====== Information shown

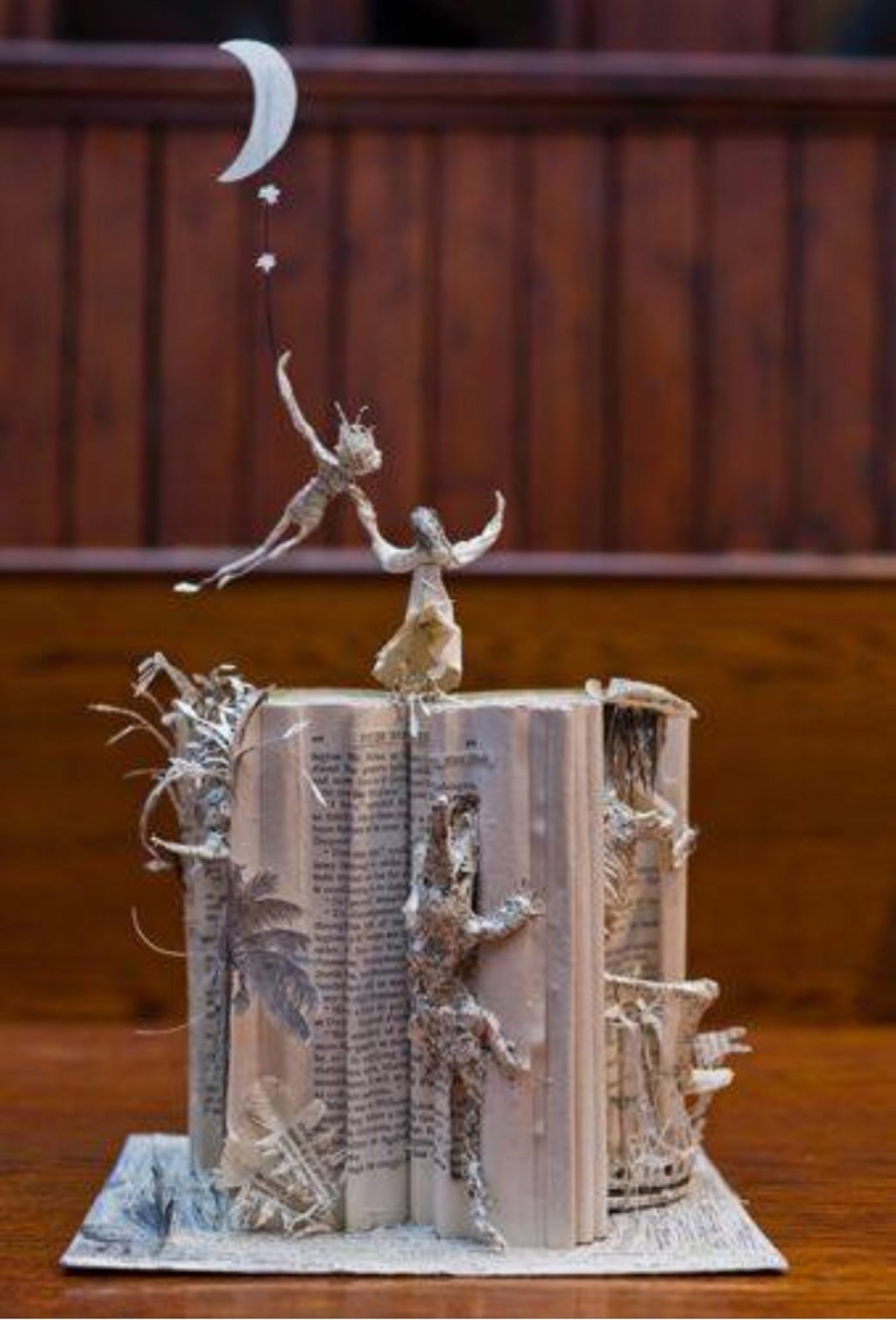 "Sculpture de papier Peter Pan, l'artiste mystère resté, œuvre retrouvée sur le lieu de naissance de J.M. Barrie à Kirriemuir en Écosse"; remontée de The Gardian via pour Book Gallery, en partage de Rose Brandt, vive féeuse aux livres, dépoussiéreuse de bibliothèques, alpagueuse d'arcanes; insufflant confiteor aux vergeures d'un édifice d'ivresses et d'éveil infini. E'M.C.
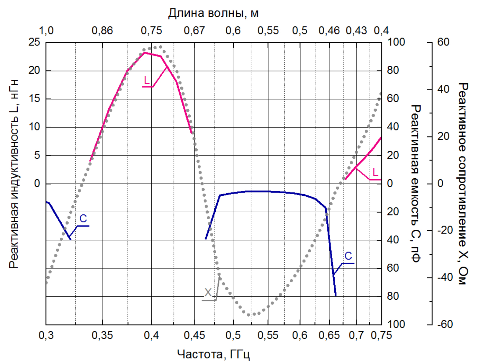 Как видно из графиков, реактивное сопротивление также имеет осциллирующий характер, где смена знака сопротивления происходит на частотах, соответствующих частотам смены знака ФХ. Амплитуда колебаний расчетного и измеренного реактивного сопротивления лежит в пределах Ом. Предельные измеренные значения рективной индуктивности плавно снижаются по мере увеличения частоты с 25 до 10 нГн, а предельные значения реактивной емкости с 4,5 нФ практически до нуля. Амплитуда колебаний сглаженной функции измеренного реактивного сопротивления стемится к нулю на всем участке рассматриваемого диапазона, что указывает на хорошее согласование антенны практически во всей, рассматриваемой полосе частот.
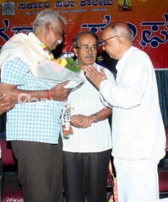 Event Description : Nadoja Dr.M Chidanandamurthy with Prof G Ashwat Narayana and Pundalika Halambi, President , Kannada Sahitya Parishat at the Centenary celebration of Kannada Sahitya Parishat at Government arts College, in Bengaluru on Thursday 24th September 2015

============

**Task brief**
Please restate all of the listing above word for word, with no pictures.

**Result for this exercise**
 "Sculpture de papier Peter Pan, l'artiste mystère resté, œuvre retrouvée sur le lieu de naissance de J.M. Barrie à Kirriemuir en Écosse"; remontée de The Gardian via pour Book Gallery, en partage de Rose Brandt, vive féeuse aux livres, dépoussiéreuse de bibliothèques, alpagueuse d'arcanes; insufflant confiteor aux vergeures d'un édifice d'ivresses et d'éveil infini. E'M.C.
 Как видно из графиков, реактивное сопротивление также имеет осциллирующий характер, где смена знака сопротивления происходит на частотах, соответствующих частотам смены знака ФХ. Амплитуда колебаний расчетного и измеренного реактивного сопротивления лежит в пределах Ом. Предельные измеренные значения рективной индуктивности плавно снижаются по мере увеличения частоты с 25 до 10 нГн, а предельные значения реактивной емкости с 4,5 нФ практически до нуля. Амплитуда колебаний сглаженной функции измеренного реактивного сопротивления стемится к нулю на всем участке рассматриваемого диапазона, что указывает на хорошее согласование антенны практически во всей, рассматриваемой полосе частот.
 Event Description : Nadoja Dr.M Chidanandamurthy with Prof G Ashwat Narayana and Pundalika Halambi, President , Kannada Sahitya Parishat at the Centenary celebration of Kannada Sahitya Parishat at Government arts College, in Bengaluru on Thursday 24th September 2015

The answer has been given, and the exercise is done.